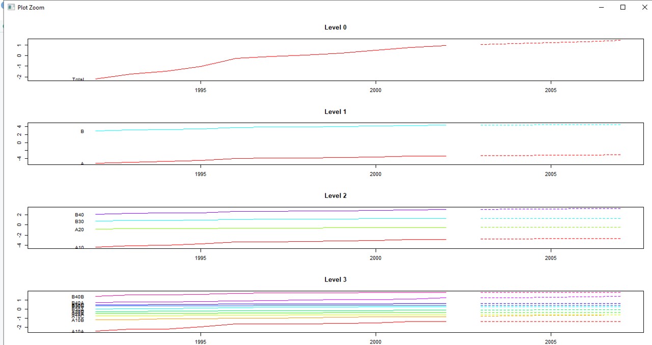 fcasts <- as.data.frame(forecast(data, h = 5, method = "bu"))
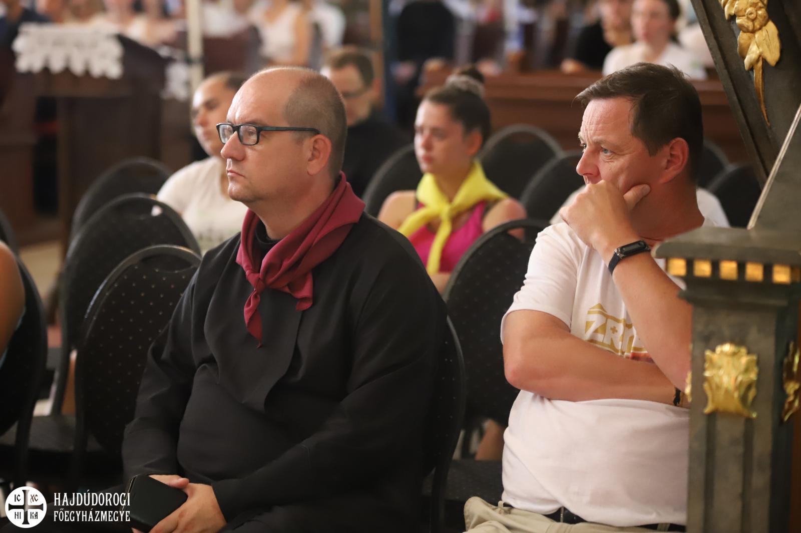 Majd szó esett a zarándoklat idei mottójáról (Kelj fel…és menj!), ami sokakat világított rá arra, hogy elengedhetetlen napi kapcsolatban lenni a Jóistennel, s nem elég heti egyszer „letudni” azt a templomban. Sőt, arról sem szabad megfeledkezni, hogy naponta adjunk hálát életünkért. Sokaknak éppen ezért hasznos a zarándoklat, mert ha letérnének erről az útról, akkor ennek az egy hétnek köszönhetően visszatalálnak a Jóistenhez.
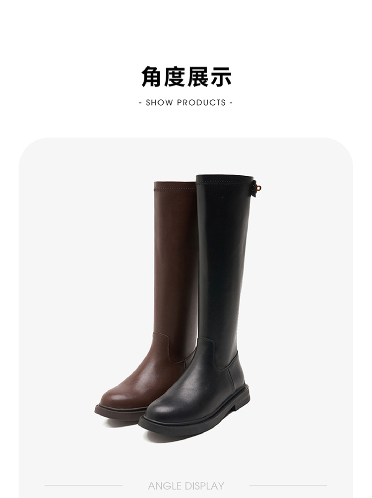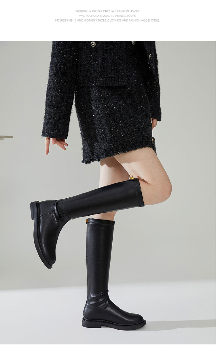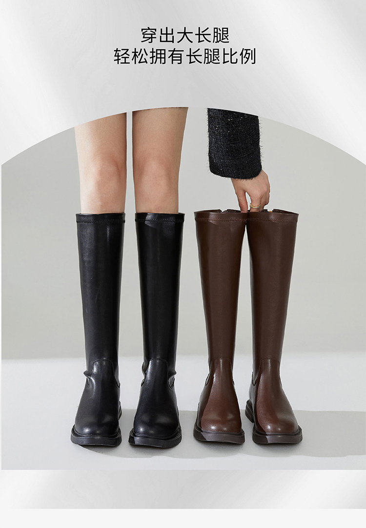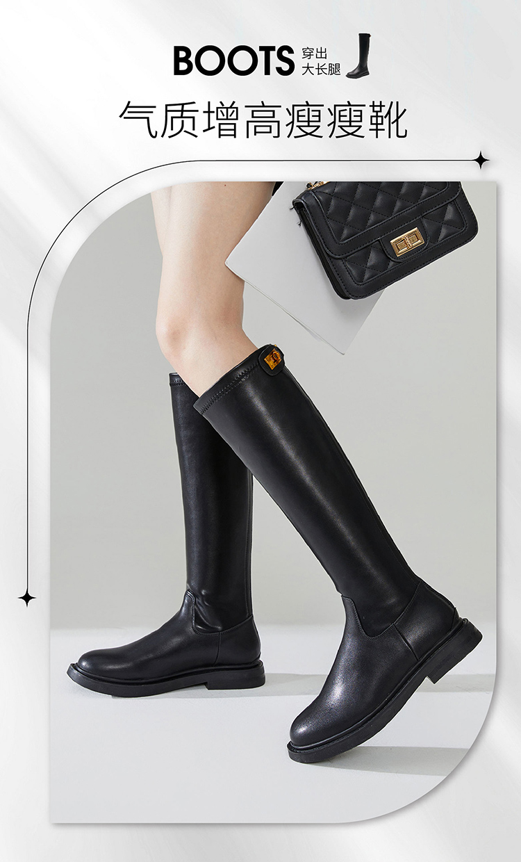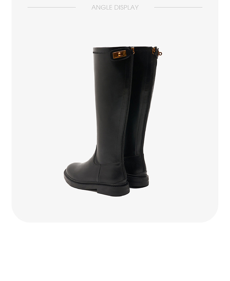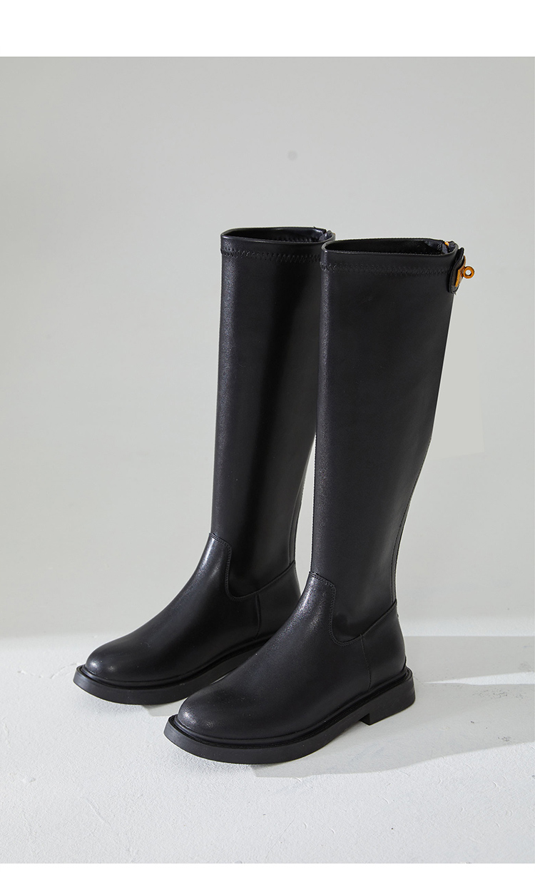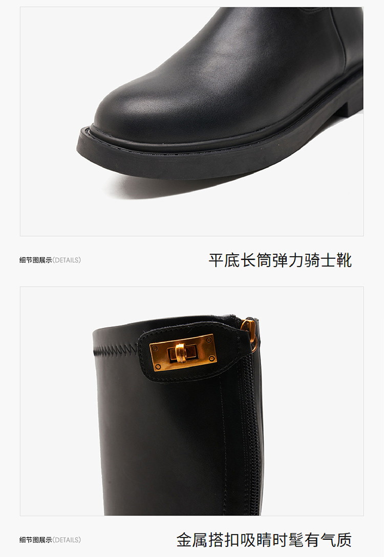 西遇长筒骑士靴女新款秋冬英伦风锁扣弹力高筒靴不过膝长靴子D0034270/D0034413
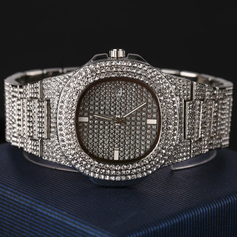 Special Offer Męskie zegarki moda diament automatyczne zegarek quartz z datą mężczyzn złota ze stali nierdzewnej Hip Hop męskie zegarki Top marka ekskluzywny zegarek Discount 30% Today!
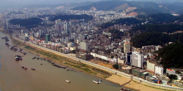 梧州市位于珠江流域西江水系中下游—潯江(西江上游)與桂江交匯處。西江水系梧州市以上流域,集水面積32.97萬平方千米。流域上游西面為云貴高原,北面有大苗山、貓兒山、越城嶺,南面是十萬大山、六萬大山、大容山等。西江水系匯集江河溪流700多條和廣西壯族自治區(qū)85%以上水量流經(jīng)梧州市。整個(gè)流域西北高,東南低,流域內(nèi)水流匯集西江注入珠江,流域內(nèi)河流密度較大,廣西壯族自治區(qū)境內(nèi)集水面積50平方千米以上河流784條,平均河流密度為每平方千米0.14千米。全市流域面積大于10平方千米河流有420條。其中,流域面積10平方千米~50平方千米河流有283條;流域面積50平方千米~100平方千米河流有65條;流域面積100平方千米~1000平方千米河流有55條;流域面積1000平方千米~1萬平方千米河流有13條;流域面積大于1萬平方千米河流有4條。中間低而多河流,潯江、桂江相匯成西江,集廣西壯族自治區(qū)眾多河流水量,河流水面積占總面積9.28%。梧州市流域面積大于10平方千米河流有7條,其中100平方千米~1000平方千米河流有1條。黔江在桂平市三角咀郁江匯入處以下河段稱潯江,流經(jīng)桂平市和平南縣、藤縣、蒼梧縣,至梧州市區(qū)桂江匯入處止。干流長172千米,蒼梧縣及梧州市區(qū)境內(nèi)18千米,河段平均坡降0.0097%。區(qū)間流域面積20236平方千米。其中,廣東省境內(nèi)1594平方千米,在廣西壯族自治區(qū)境內(nèi)18642平方千米。
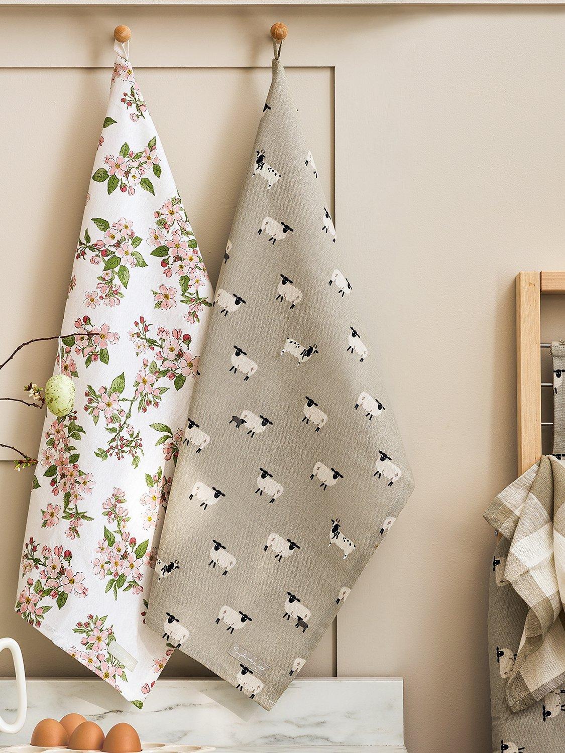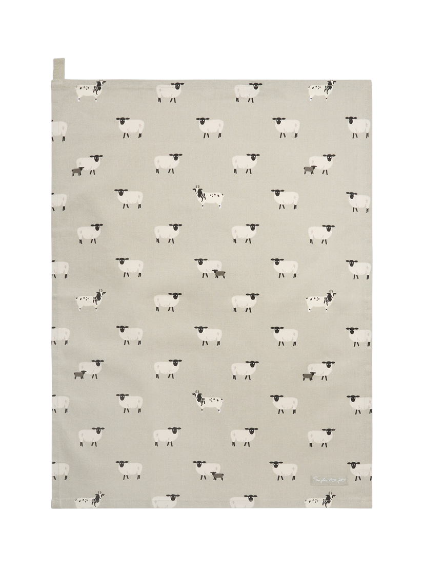 Sophie Allport's Sheep tea towel in a neutral tone is ideal in any country kitchen and will make your drying up a bit more enjoyable. The Jacob and Suffolk breeds of sheep feature in this design. Made of cotton, this tea towel is machine washable for easy cleaning.
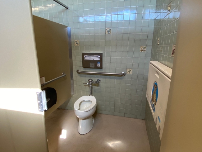 The Education Shelter bathrooms have an accessible stall with grab bars and a baby changing table.
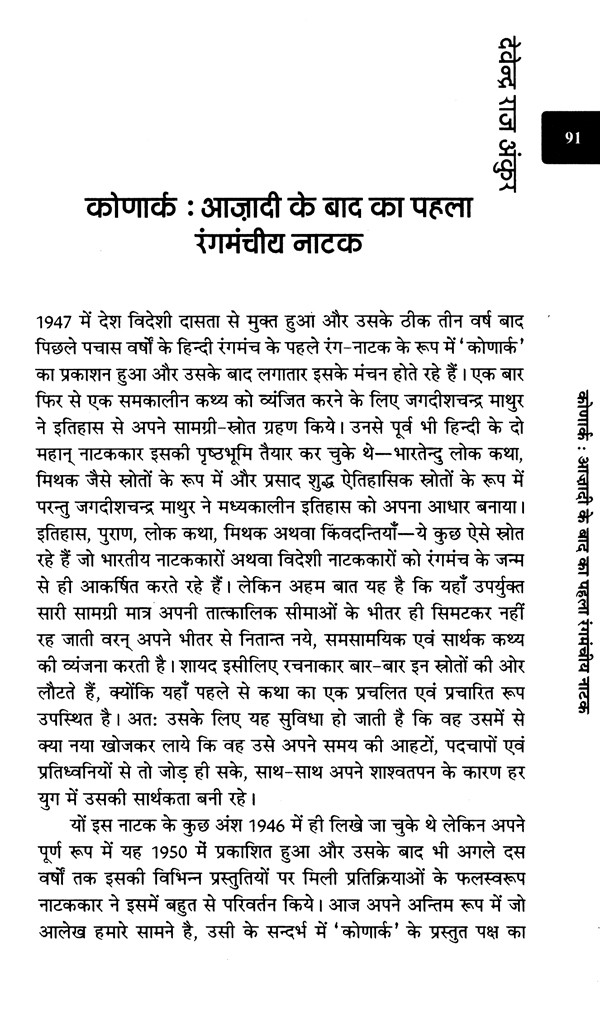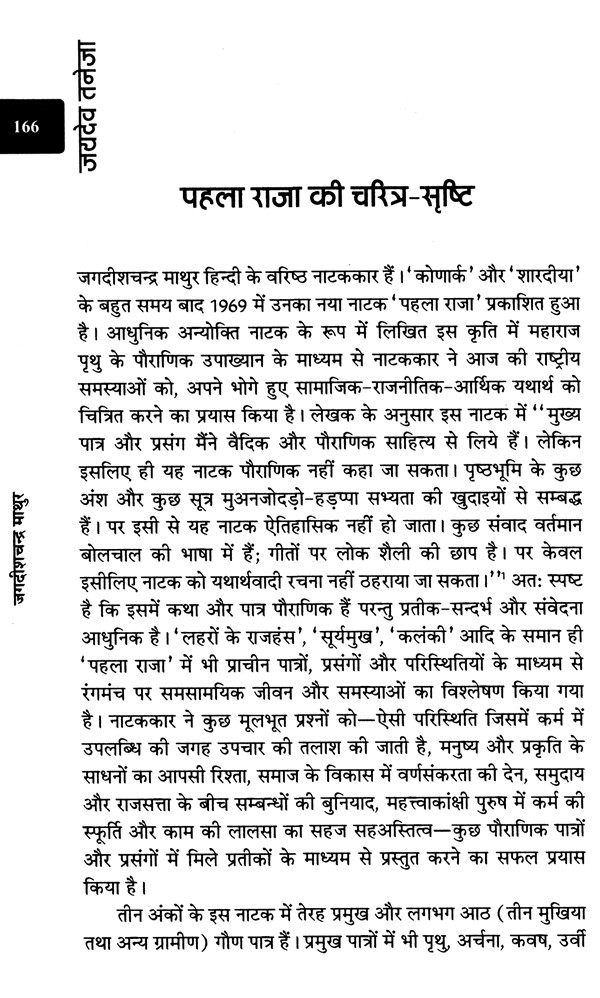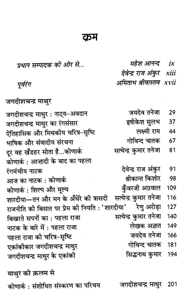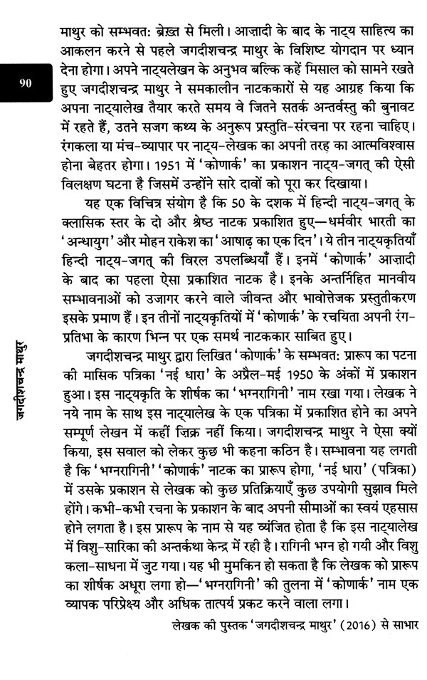 स्वाधीनता के बाद के हिन्दी रंगमंच के एक बहुत महत्त्वपूर्ण नाटककार थे स्व. जगदीशचन्द्र माथुर। हालाँकि उनके नाटकों की पृष्ठभूमि आज के समय की नहीं हैं, उसके बावजूद वो आज के समय से पूरी तरह जुड़ते हैं, आज भी उतने सामयिक और अर्थवान लगते हैं। वर्तमान समय के कई एक महत्त्वपूर्ण और ज्वलन्त सरोकारों को इन नाट्यकृतियों में प्रस्तुत करते हैं। जब मैं आज या वर्तमान शब्दों का इस्तेमाल कर रहा हूँ, उसका तात्पर्य सिर्फ़ 1947 के बाद का भारत ही नहीं, बल्कि 21वीं सदी का मौजूदा समय भी है। 'कोणार्क', 'शारदीया' और 'पहला राजा' का रंगमंच के छात्रों और रंगप्रेमियों के बीच पठन-पाठन होना चाहिए, प्रसार-प्रसार होना चाहिए, युवा रंगनिर्देशकों को अपनी आज की समझ, शैली और परिप्रेक्ष्य में इनके मंचन की सम्भावनाएँ तलाशनी चाहिए, ऐसा मुझे लगता है।
○ ○ ○ ○ ○
Working from the data above, repeat exactly, and only, the lines that begin at the line containing "西遇长筒骑士靴女新款秋冬英伦" and stop after the line containing "Sophie Allport's Sheep"; pictures are not copied.

TASK OUTPUT:
 西遇长筒骑士靴女新款秋冬英伦风锁扣弹力高筒靴不过膝长靴子D0034270/D0034413
 Special Offer Męskie zegarki moda diament automatyczne zegarek quartz z datą mężczyzn złota ze stali nierdzewnej Hip Hop męskie zegarki Top marka ekskluzywny zegarek Discount 30% Today!
 梧州市位于珠江流域西江水系中下游—潯江(西江上游)與桂江交匯處。西江水系梧州市以上流域,集水面積32.97萬平方千米。流域上游西面為云貴高原,北面有大苗山、貓兒山、越城嶺,南面是十萬大山、六萬大山、大容山等。西江水系匯集江河溪流700多條和廣西壯族自治區(qū)85%以上水量流經(jīng)梧州市。整個(gè)流域西北高,東南低,流域內(nèi)水流匯集西江注入珠江,流域內(nèi)河流密度較大,廣西壯族自治區(qū)境內(nèi)集水面積50平方千米以上河流784條,平均河流密度為每平方千米0.14千米。全市流域面積大于10平方千米河流有420條。其中,流域面積10平方千米~50平方千米河流有283條;流域面積50平方千米~100平方千米河流有65條;流域面積100平方千米~1000平方千米河流有55條;流域面積1000平方千米~1萬平方千米河流有13條;流域面積大于1萬平方千米河流有4條。中間低而多河流,潯江、桂江相匯成西江,集廣西壯族自治區(qū)眾多河流水量,河流水面積占總面積9.28%。梧州市流域面積大于10平方千米河流有7條,其中100平方千米~1000平方千米河流有1條。黔江在桂平市三角咀郁江匯入處以下河段稱潯江,流經(jīng)桂平市和平南縣、藤縣、蒼梧縣,至梧州市區(qū)桂江匯入處止。干流長172千米,蒼梧縣及梧州市區(qū)境內(nèi)18千米,河段平均坡降0.0097%。區(qū)間流域面積20236平方千米。其中,廣東省境內(nèi)1594平方千米,在廣西壯族自治區(qū)境內(nèi)18642平方千米。
 Sophie Allport's Sheep tea towel in a neutral tone is ideal in any country kitchen and will make your drying up a bit more enjoyable. The Jacob and Suffolk breeds of sheep feature in this design. Made of cotton, this tea towel is machine washable for easy cleaning.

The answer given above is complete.